Why the World Economic Forum’s Global Council on AI should focus on protecting children
By Ivan Fan | July 8, 2019

The advent of AI is a trend which will affect our children and our children’s children. In a world characterized by constant technological change, we must invest more in preparing future generations through improved governance of AI-interactions involving children, particularly in the context of areas such as education.

The newly created World Economic Forum (WEF) AI Council on Artificial Intelligence presents an opportunity to develop a global governance approach to AI, which should include a strong treatment of governance issues around AI-interactions with children. The forum is well positioned to do so; its Generation AI project has previously advanced important questions regarding uses of AI in relation to children.

The creation of the council comes in the wake of a recent trend of nations placing greater emphasis on cooperation with regard to overall AI governance. Multi-lateral efforts on the part of the EU and OECD, in particular, have sparked efforts toward developing a consensus around core AI issues in their respective memberships. Notably, the European Commission’s High Level Expert Group on AI recently released a set of ethical guidelines on AI and recommendations for trustworthy AI, formally addressing the need for governance around AI-interactions with children.

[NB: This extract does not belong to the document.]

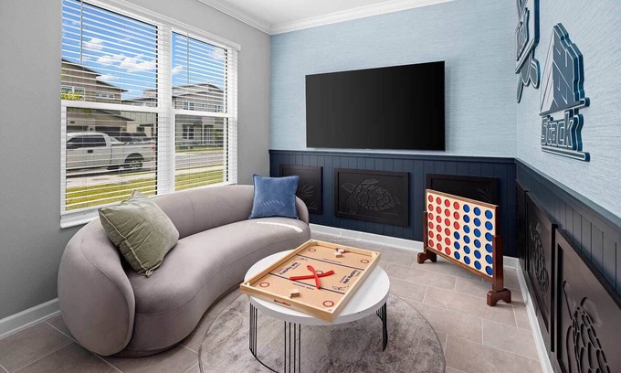 • Game room ft. modern furniture & décor with games such as darts, Connect 4, and more
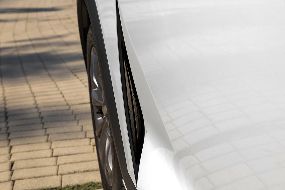 屬於中小型跨界休旅級距的Bria,其車身尺碼為4315x1885x1535mm,軸距達2800mm,整個身形與線條設計既緊湊且俐落,甚至在十足科技氛圍中帶有小鋼砲的性能氣勢,尤其整個車身經過精密的空氣力學設計,除了藉由每處線條的雕琢來達到全車氣流管理的優化之外,更透過車頭前緣的S-Duct導流以及車側導流孔與D柱的Air Curtain氣簾等空力設計的搭配運作,來達到降低空氣阻抗、並提升能源效益的目的,而這也使其風阻係數僅為0.26Cd,十分有助於強化續航里程的表現。再者,Bria的車頭與車尾皆擁有科技感十足且相呼應的貫穿式定位燈與尾燈組設計,尤其還有3組迎賓燈與燈光秀展演,相當生動有趣。

In a time when troubling terms such as “technological cold war” have cropped up, overcoming techno-nationalistic tensions and fostering collaboration has never been more important between great powers. The great challenge we face today is ensuring that people everywhere—in both developed and emerging countries—have sufficient access to AI resources. The best way to achieve this is by doubling down on opening up access to educational opportunities to youth everywhere, and the WEF is well positioned to provide critical, impartial leadership on this front.

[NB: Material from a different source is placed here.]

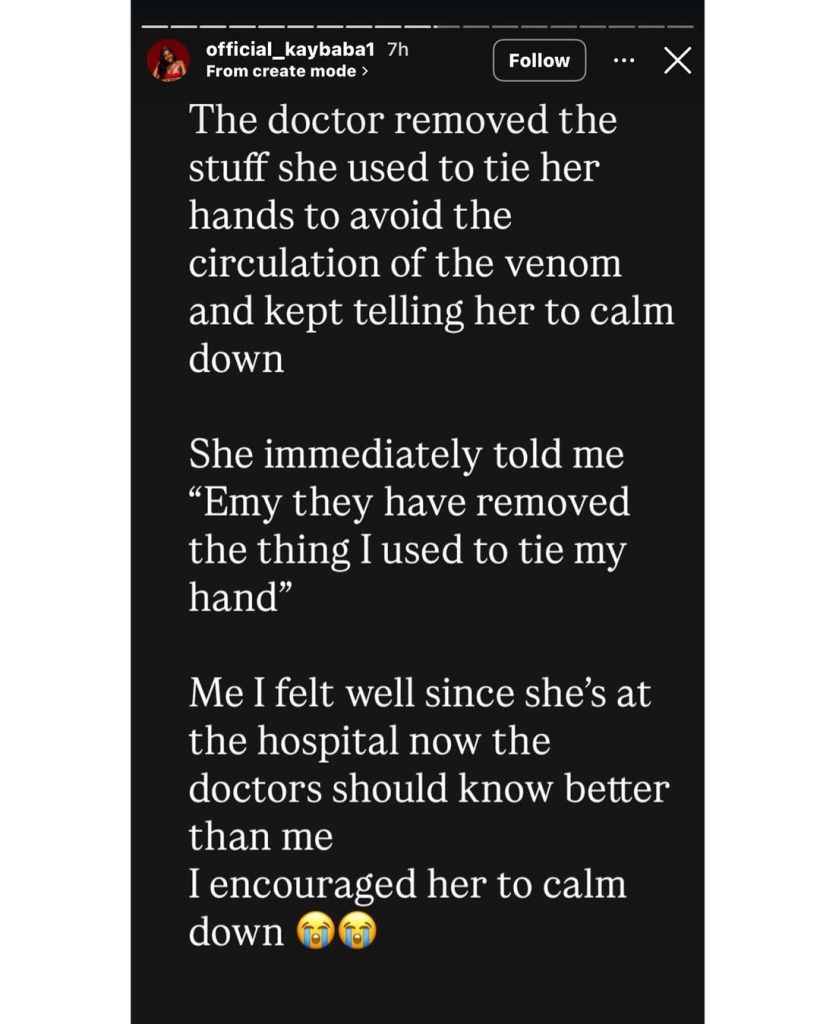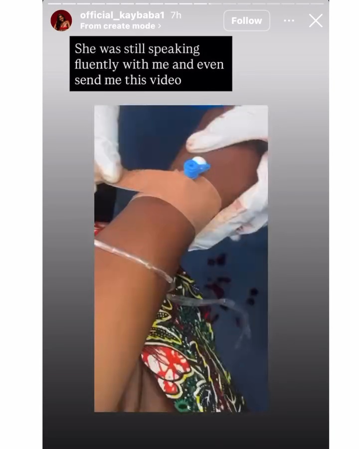 Emy Kaybaba said he was on the phone with her and she told him the hospital staff had untied the tourniquet and was giving her drip. When she complained about the removal of the torniquet, they asked her to calm down.

Current talent pools are insufficient for taking advantage of the future range of occupations enabled by AI, and without systemic reform addressing rising inequality, societies will regress to a state in which opportunities are increasingly restricted to those able to access AI resources. National efforts such as the American AI Initiative, China’s New Generation Artificial Intelligence Development Plan, and the European Strategy on Artificial Intelligence all emphasize talent shortages as a significant impediment to implementing AI effectively.

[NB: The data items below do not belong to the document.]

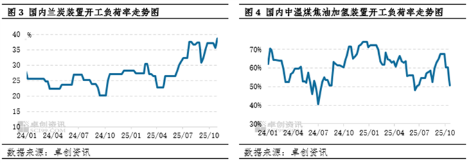 从供需面来看,10月西北地区供应增多而需求下降,对市场指引偏空。供应方面,10月西北地区兰炭装置开工负荷率均值为37.03%,环比提升3.25个百分点,部分前期检修兰炭装置复产,中温煤焦油产出量亦同步增多;需求方面,下游加氢装置开工下降,刚需整体转弱。10月中国中温/中低温煤焦油加氢装置开工负荷率均值为61.28%,环比下降2.34个百分点,月内山东、新疆地区煤焦油加氢装置检修数量增加,下游刚需采购量同步减少;从终端来看,受原油下行、消费淡季、降雨天气等因素影响,10月终端汽柴油消费力度偏弱,烧火油交投则持续低迷,对中上游产品存在负面反馈。
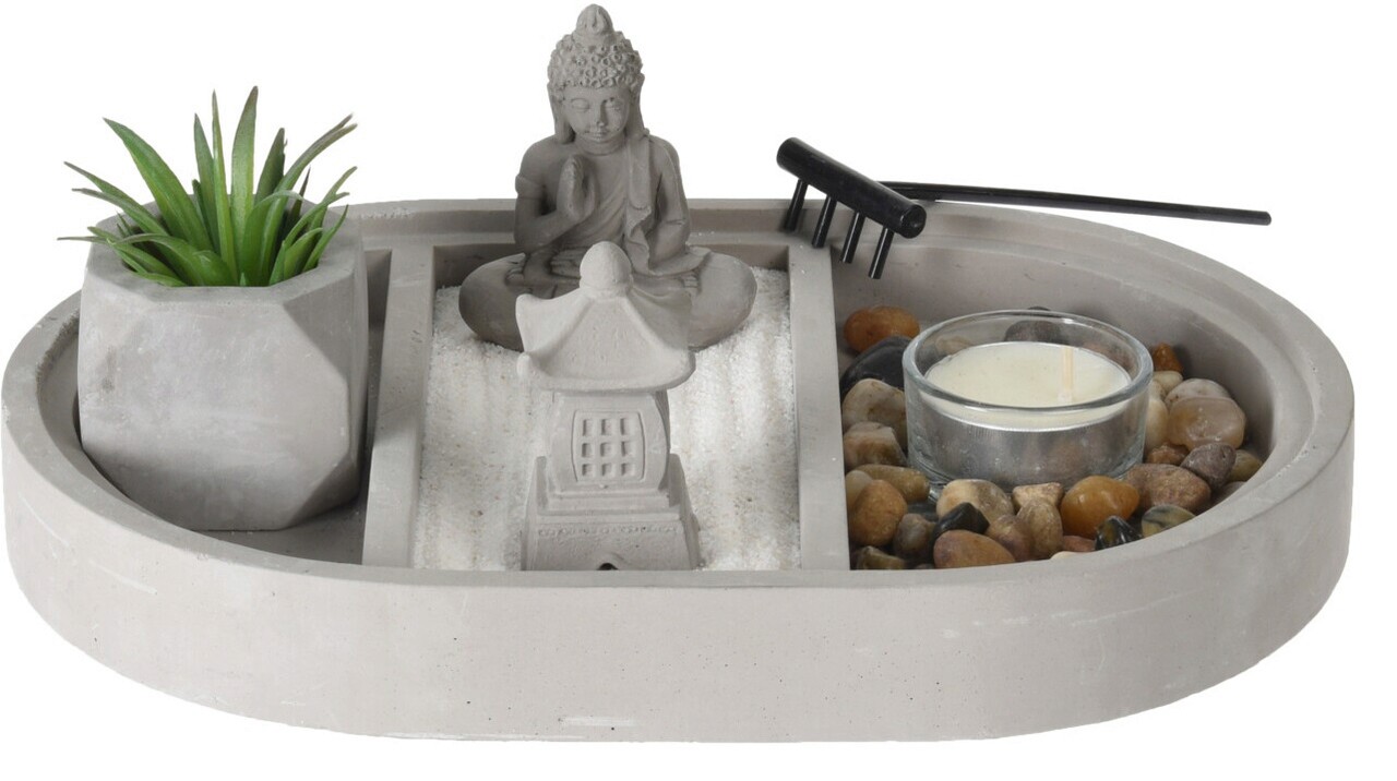 Suport pentru lumanari Buddha zen garden oval, 25x17x9 cm, ciment, gri
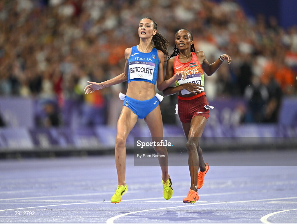 9 August 2024; Beatrice Chebet of Team Kenya, right, on her way to winning the women's 10,000m final ahead of Nadia Battocletti of Team Italy at the Stade de France during the 2024 Paris Summer Olympic Games in Paris, France. Photo by Sam Barnes/Sportsfile
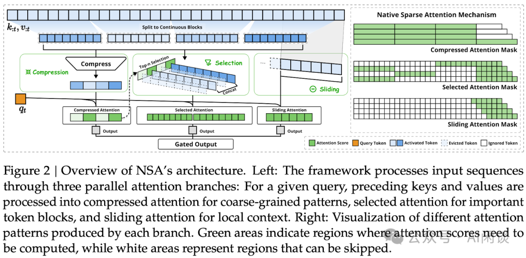 如下图 Figure 2 所示是 DeepSeek NSA 的主要原理:
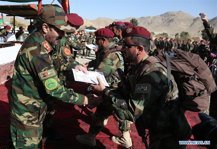 Members of Afghan Special Forces receive their certificates during a graduation ceremony in Kabul, capital of Afghanistan, Nov. 9, 2016. About 800 trainees of Afghan Special Forces graduated on Wednesday after completion of a 16-week training course. (Xinhua/Rahmat Alizadah)
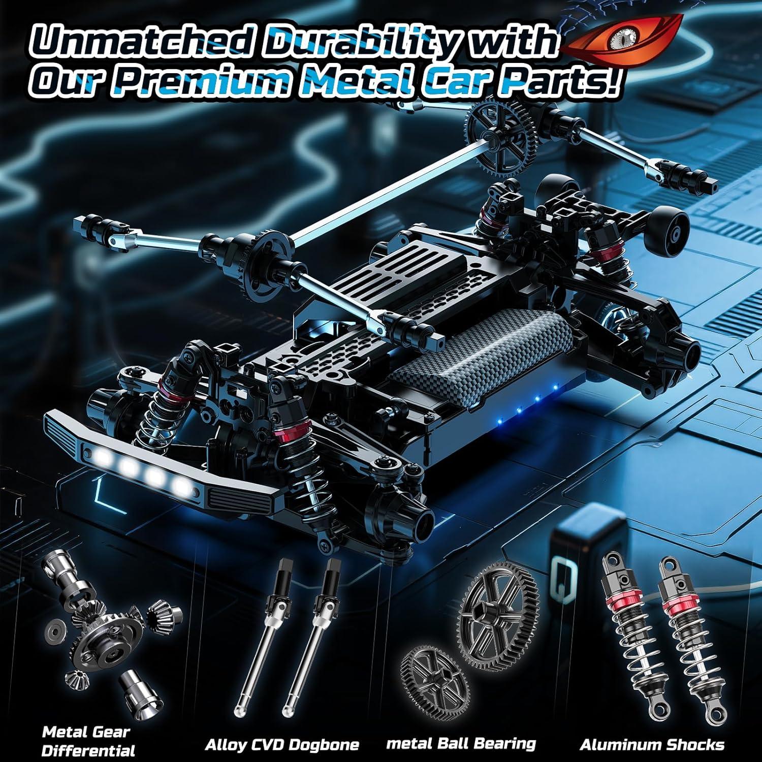 【Built Like a Beast – All-Metal, All-Terrain】Built tough with a full-metal drivetrain—metal adjustable shocks, differentials, and drive shafts—this RC truck is made to handle rough play. The 4×4 system and water-resistant ESC (IPX4) let it blast through puddles, climb hills, and tear over rocky trails without slowing down.
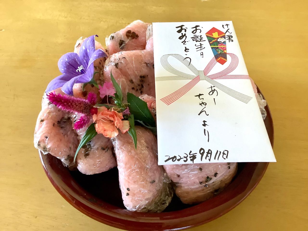 11日.今日は息子の.次男→賢也君の.お誕生日です。今朝.お赤飯を炊いて、神様や仏様にお供えしました.ケーキは既に注文してあります.今日.午後4時ごろ.取りに来るそうですので、待っています、お家の.庭先にある.ちぃちゃな.お花を、添えて写真を撮りました、お祝いの袋の裏にはメッセージを、ぎっしり書いておきました。賢君は.小さい時、、いつも、私の名前を、あーちゃんと言っていましたので、あーちゃんよりと書いておきました、写真を撮りましたので、ご覧になってください。
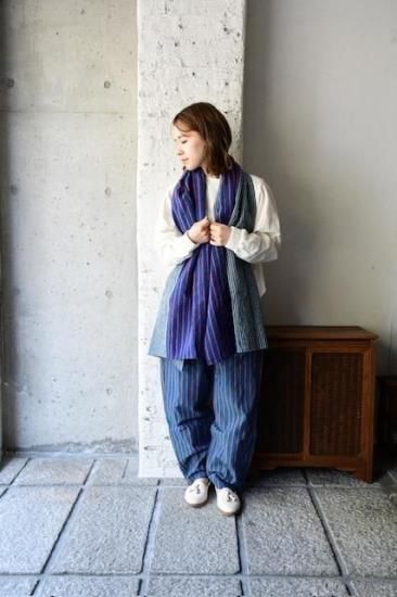 会津木綿はほどよい厚みがありふっくらとした質感 なので寒い季節も温かく、 夏はミニストールの2倍のサイズなので肩からすっぽ りとかけて日よけや冷房除けにも。
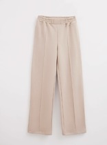 Брюки прямые спортивные из трикотажного полтна футер. По талии притачной пояс на внутренней резинке. Боковые карманы с отрезным бочком. Боковые швы переходят на перед.

This is why policies directed toward the expansion of the available talent pool are critical, which should include redesigning education systems to prepare children with the necessary skills to thrive in an AI-enabled world. Many countries agree that overhauling education systems to teach necessary cognitive, socio-cultural, and entrepreneurial and innovation competencies are a primary means of addressing talent shortages. Expanding access to STEM opportunities for women is also of vital importance, and must improve at all ends of the talent pipeline—from early childhood education all the way to the C-suite.

In his landmark book “AI Superpowers”, Kai-Fu Lee, co-chair of the WEF’s new council on AI alongside Microsoft President Brad Smith, writes about how perception AI is revolutionizing China’s education system. I serve as a research and teaching assistant to faculty here at UC Berkeley’s School of Information, and I have seen first-hand how new technologies can revolutionize the delivery of education in my own graduate program. Instructors now have unprecedented access to rich profiles of students and to dashboards notifying them of a whole host of AI-enabled features including high-fidelity, real-time notifications about performance at the individual and macro-level.

In revamping our education systems to use AI and to teach AI, it is crucial that the safety and rights of children are strictly respected by those who would impact their learning and growth. AI HLEG provides some ideas for the Global AI Council to consider – it recommends protecting children from “…unsolicited monitoring, profiling and interest invested habitualisation and manipulation” and giving children a “clean slate” of any public or private storage of data related to them upon reaching a certain age. The WEF’s Global Council on AI represents an outstanding opportunity to consider and iterate upon such ideas in order to better protect and serve the needs of our children.